**PROBLEM STATEMENT:** Taking the line with "Make your Quinceañera" as the first and the line with "3,000円以上のご精算につきましては、" as the last, set down exactly every line in that range from the entries below, and no more.

SUPPLIED INFORMATION Block Start

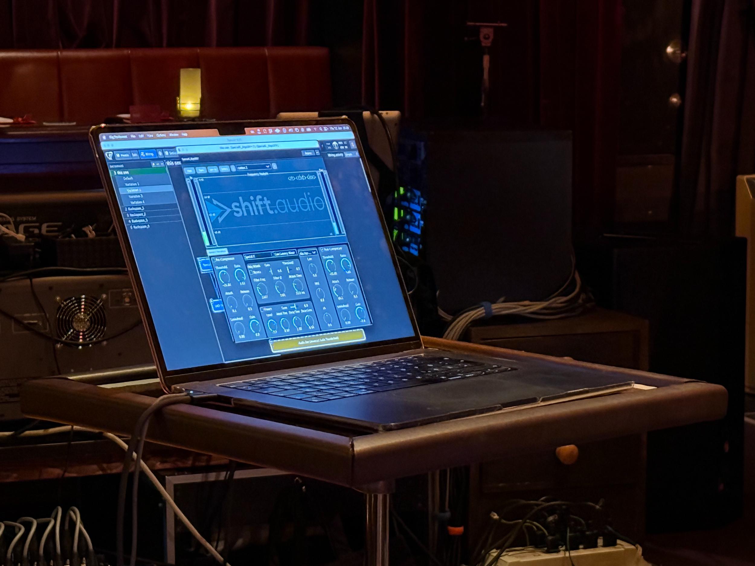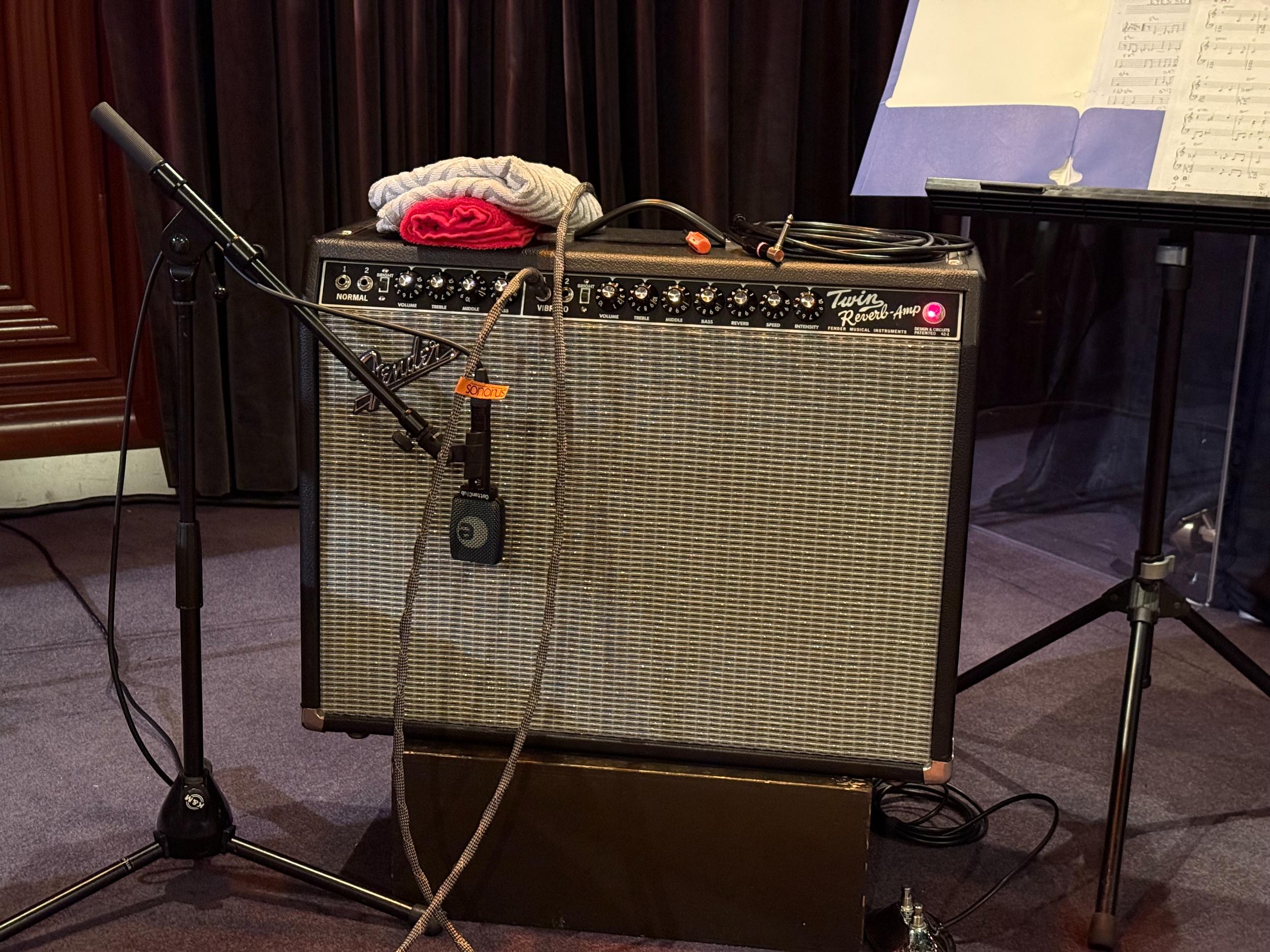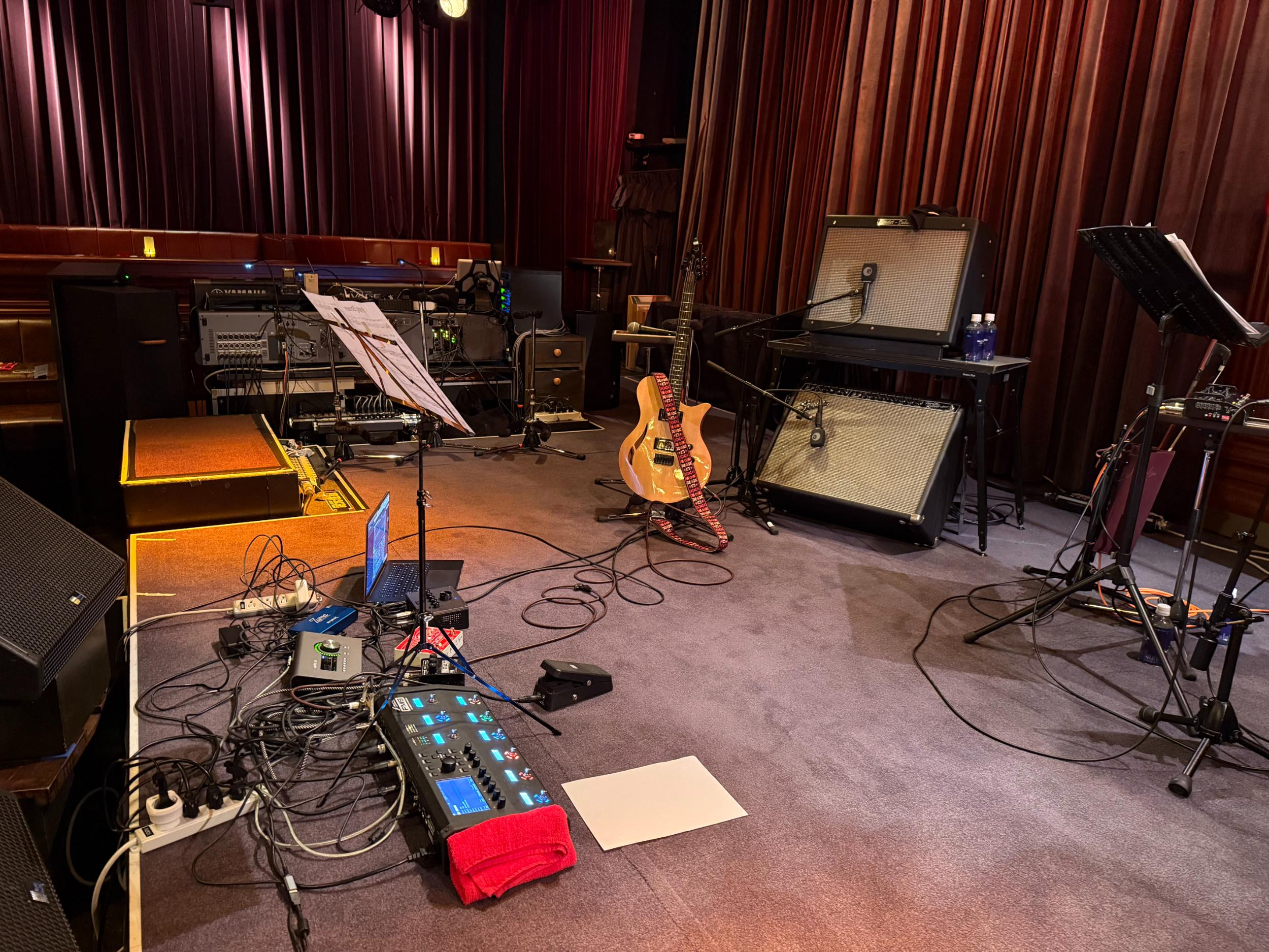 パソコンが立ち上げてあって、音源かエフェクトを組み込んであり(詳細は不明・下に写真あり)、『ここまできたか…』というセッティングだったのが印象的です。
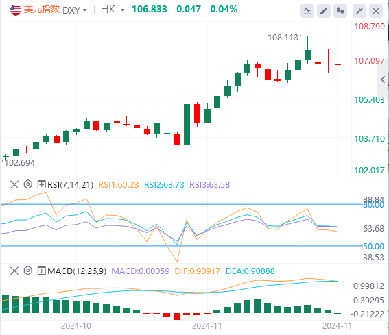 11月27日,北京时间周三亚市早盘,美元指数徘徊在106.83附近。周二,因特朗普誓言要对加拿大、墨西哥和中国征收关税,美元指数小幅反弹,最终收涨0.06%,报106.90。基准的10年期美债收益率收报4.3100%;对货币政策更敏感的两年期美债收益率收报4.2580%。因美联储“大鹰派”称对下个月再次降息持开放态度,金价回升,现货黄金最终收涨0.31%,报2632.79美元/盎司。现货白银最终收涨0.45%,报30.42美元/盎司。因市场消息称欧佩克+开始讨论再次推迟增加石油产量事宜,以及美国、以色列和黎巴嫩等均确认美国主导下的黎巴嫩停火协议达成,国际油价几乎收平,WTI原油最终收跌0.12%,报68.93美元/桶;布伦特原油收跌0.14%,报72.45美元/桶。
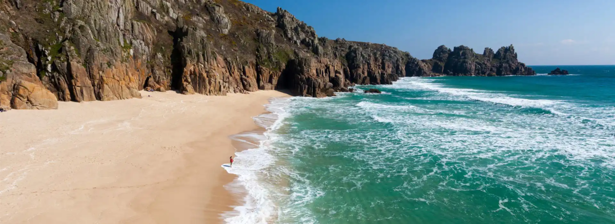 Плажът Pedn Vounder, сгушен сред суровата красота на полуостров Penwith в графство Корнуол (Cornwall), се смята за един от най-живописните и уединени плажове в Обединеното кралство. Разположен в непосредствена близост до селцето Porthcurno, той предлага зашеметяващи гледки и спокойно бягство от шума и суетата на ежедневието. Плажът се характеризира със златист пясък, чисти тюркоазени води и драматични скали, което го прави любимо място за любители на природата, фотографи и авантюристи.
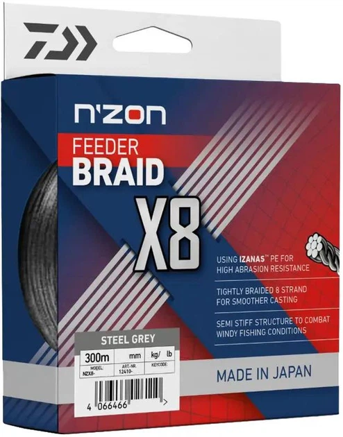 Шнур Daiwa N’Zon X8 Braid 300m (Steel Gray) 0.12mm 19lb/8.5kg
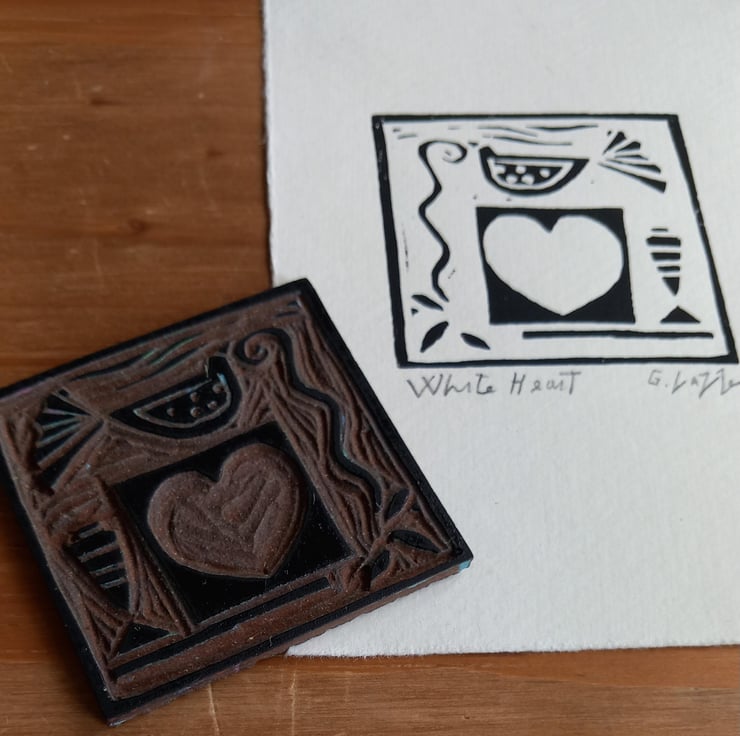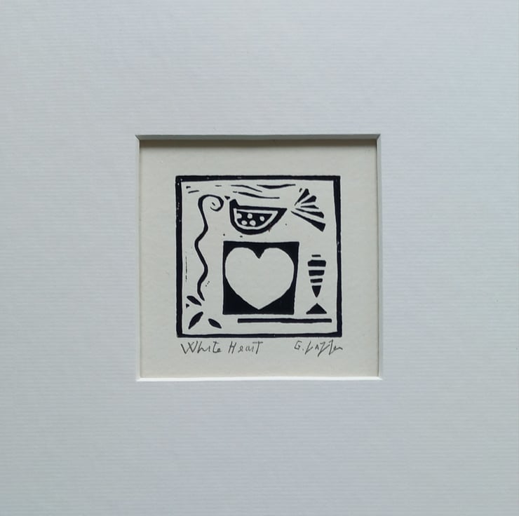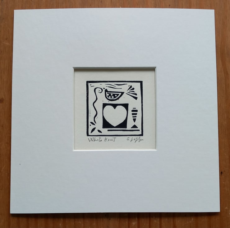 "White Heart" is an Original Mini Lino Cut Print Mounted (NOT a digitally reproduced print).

SUPPLIED INFORMATION Block End
SUPPLIED INFORMATION Block Start

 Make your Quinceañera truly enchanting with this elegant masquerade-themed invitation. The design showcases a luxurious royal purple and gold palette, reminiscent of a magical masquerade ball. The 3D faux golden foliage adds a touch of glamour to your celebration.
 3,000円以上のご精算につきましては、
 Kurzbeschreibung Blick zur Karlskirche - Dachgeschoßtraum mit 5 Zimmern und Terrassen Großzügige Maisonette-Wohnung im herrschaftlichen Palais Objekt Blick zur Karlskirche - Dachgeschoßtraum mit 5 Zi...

SUPPLIED INFORMATION Block End

**TASK RESPONSE:**
 Make your Quinceañera truly enchanting with this elegant masquerade-themed invitation. The design showcases a luxurious royal purple and gold palette, reminiscent of a magical masquerade ball. The 3D faux golden foliage adds a touch of glamour to your celebration.
 3,000円以上のご精算につきましては、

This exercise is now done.